Not wanting to generate arguments, but I am interested in hearing your thoughts, and am I just an old fogey resisting change...

Best, Chris


  • bpostbpost Member Posts: 32,643 ✭✭✭✭

    I use a Wheeler Torque Wrench for every application I can. It gives repeatable accurate measurements of the torque applied, it is especially important when mounting scope bases and rings. Each fastener has a specific load it is designed to operate under. Getting that load or bolt stretch correct is wise.

  • rgnot3rgnot3 Member Posts: 28
    edited March 2021

    Its also wise to relate the required torque to the specific application. It sounds like an obvious statement until you look at it a bit more in depth. The torque screw poundage will be different on lets say wooden and laminated stocks as opposed to chassis based stocks using the same action. Its also different based on bedding type because one bedding material may have more flex than another. Even after you get the torque right its something you should check after your initial test firings and then again after each range session to confirm there is no significant change. This is a good idea for just about any screw on a gun that could shake loose.

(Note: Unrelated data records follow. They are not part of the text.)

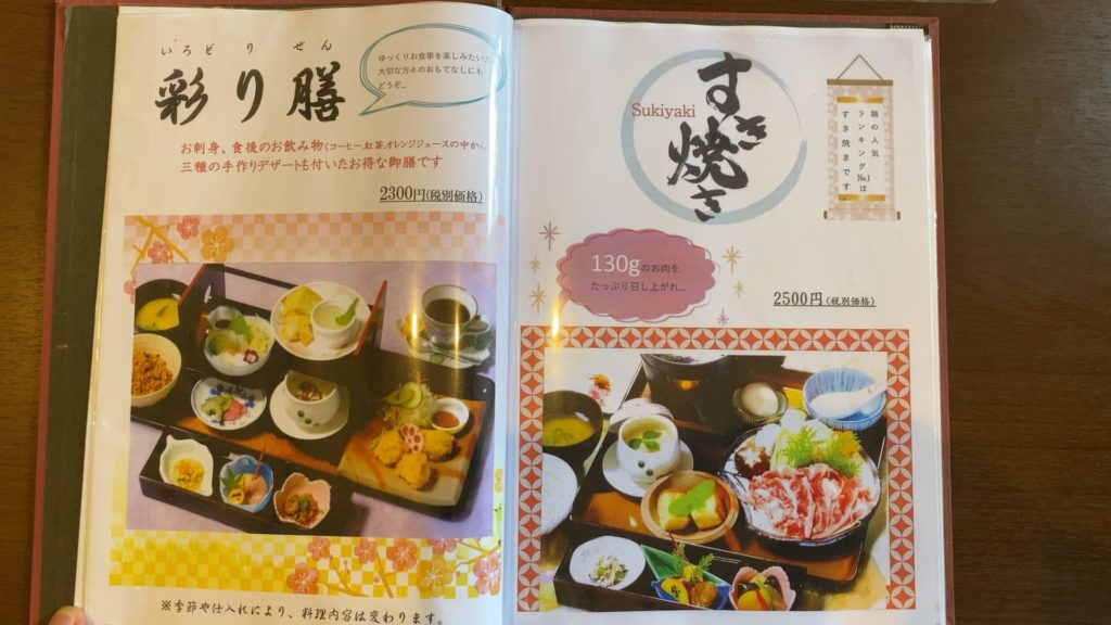 彩り膳や、すき焼きも美味しそうですが、平日のランチとしてはちょっと予算オーバーです。
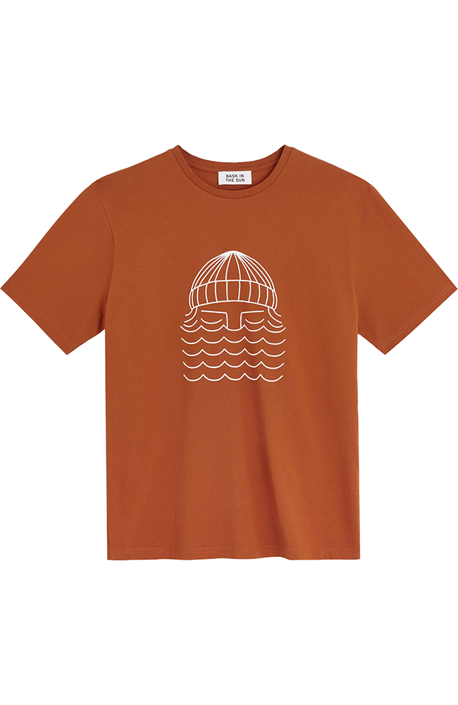 Nice t-shirt From Bask in the Sun in orange (canyon) with a sailor print on the front. The shirt is made from organic cotton and is wonderfully light and airy to wear.
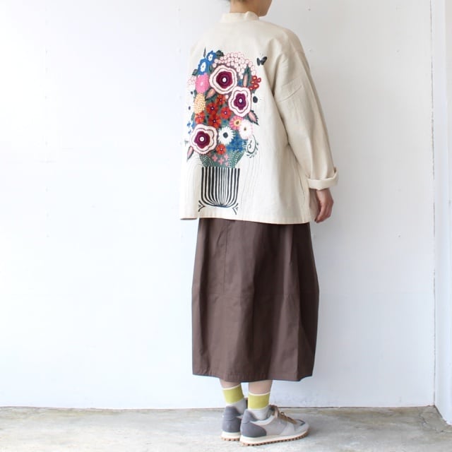 裾にダーツを使わず、生地の切り替えパターンでコクーンシルエットに仕上げたHAVERSACKらしい作り込み。
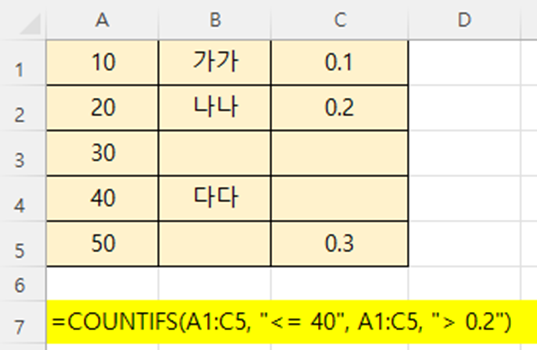 40 이하 이고, 0.2 보다 큰 숫자의 갯수를 세고 싶다면, 조건이 2개이므로 COUNTIFS()를 이용하면 됩니다.
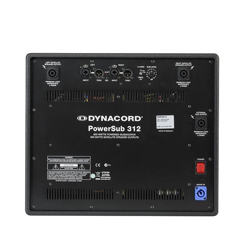 C помощью переключателя „X-Over“ можно выбрать три независимых частоты кроссовера для сабвуфера и сателлитов: 70 Гц, 100 Гц и 140 Гц, а регулятор „Sub Level“ позволяет устанавливать диапазон выходного сигнала от -8 дБ до 10 дБ. Встроенный цифровой усилитель, обеспечивающий 800 Вт + 2 х 250 Вт, разработан специально для НЧ-динамика DYNACORD DND 12S400 для расширения динамического диапазона и качества аудио-сигнала, а также обеспечения оптимального режима работы динамика. для обеспечение максимальной надежности работы сабвуфера установлена дополнительная система защиты: защита голосовой катушки, аудиолимитеры, защита от повреждения постоянным током, защита от повреждения ВЧ, противо-ЭДС и термозащита. Применение цифровых технологий класса D обеспечивает меньшее рассеивание мощности, чем у обычных усилителей класса АВ.

Old Fogey or young gun, you shouldn't resist that which will only make your experience on the range better!

  • toad67toad67 Member Posts: 12,991 ✭✭✭✭
  • navc130navc130 Member Posts: 1,160 ✭✭✭

    This sounds like an experiment in the making: does different torque pressure affect the accuracy of a known accurate rifle. If someone does it please report your findings.

  • JustCJustC Member Posts: 16,056 ✭✭✭

    Different torques always affect accuracy, thus the reason factories specify the torque in in/lbs for each bolt. Composites of fiberglass usually around 55 in/lbs, aluminum chasis stocks such as HS Precision or Bell and Carlson 65 in/lbs, wood stocks vary from manufacturer to another, synthetics/plastics are different as well, as are stock with aluminum pillars installed in either wood or fiberglass..

    Guard screws are tricky since the rear screw is generally the rear action screw whereas the front is not. Overtorquing the front action screw can change the torque on the rear screw etc. The front action screw is important in that it stabilizes the basic "center" of the assembly which supports the barrel tenon.

  • OkieOkie Member Posts: 991 ✭✭✭

    If a bolt action centerfire rifle's action is PROPERLY glass bedded and the barrel floated I prefer to not use a torque wrench. I can feel when the action screws are properly tightened.

    I can also remove and re-install the stock and the rifle will still shoot to the same POI.

    This is why I prefer glass bedding my own guns.

    I have a way of testing using micrometers as to when the rifle is properly bedded as no movement, bedded so as the receiver action is dead. Been doing this for years.